**Assigned task**
Return all the data below as it stands, minus the pictures.

Collected material section start

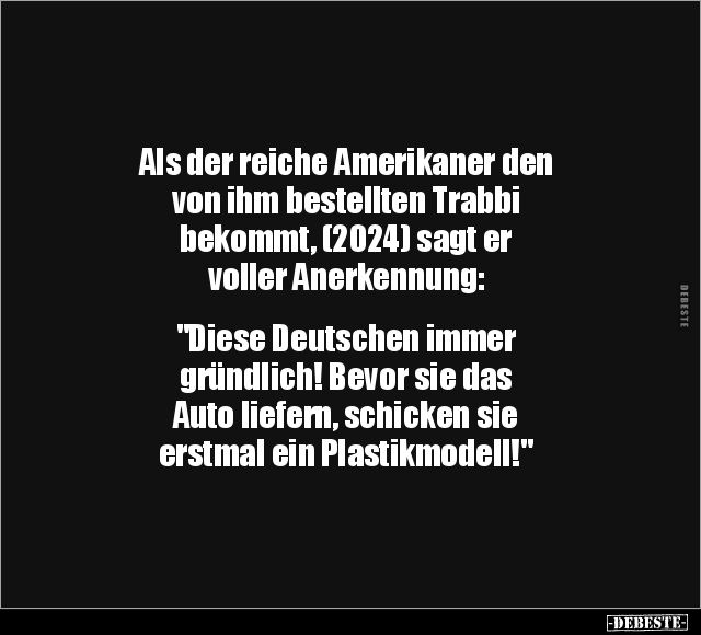 Als der reiche Amerikaner den von ihm bestellten Trabbi bekommt, (2024) sagt er voller Anerkennung: "Diese Deutschen immer gründlich! Bevor sie das Auto liefern, schicken sie erstmal ein Plastikmodell!"
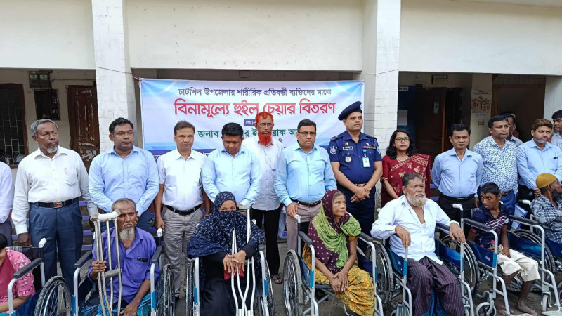 নোয়াখালীতে শারীরিক প্রতিবন্ধীদের হুইল চেয়ার ও নগদ অর্থ প্রদান
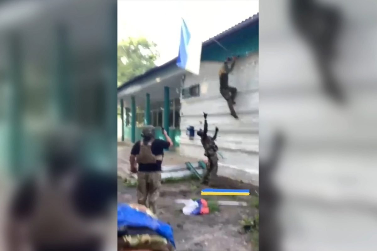 Otro video geolocalizado por CNN este domingo, muestra a soldados ucranianos de pie sobre una bandera rusa frente al edificio del club del pueblo de Guevo, también en el distrito de Sudzhansky de la región rusa de Kursk. Se ve a un soldado ucraniano —enfundado por otro soldado— subiendo hacia lo alto del edificio, izando una bandera ucraniana.

Collected material section end

**Exercise output**
 Als der reiche Amerikaner den von ihm bestellten Trabbi bekommt, (2024) sagt er voller Anerkennung: "Diese Deutschen immer gründlich! Bevor sie das Auto liefern, schicken sie erstmal ein Plastikmodell!"
 নোয়াখালীতে শারীরিক প্রতিবন্ধীদের হুইল চেয়ার ও নগদ অর্থ প্রদান
 Otro video geolocalizado por CNN este domingo, muestra a soldados ucranianos de pie sobre una bandera rusa frente al edificio del club del pueblo de Guevo, también en el distrito de Sudzhansky de la región rusa de Kursk. Se ve a un soldado ucraniano —enfundado por otro soldado— subiendo hacia lo alto del edificio, izando una bandera ucraniana.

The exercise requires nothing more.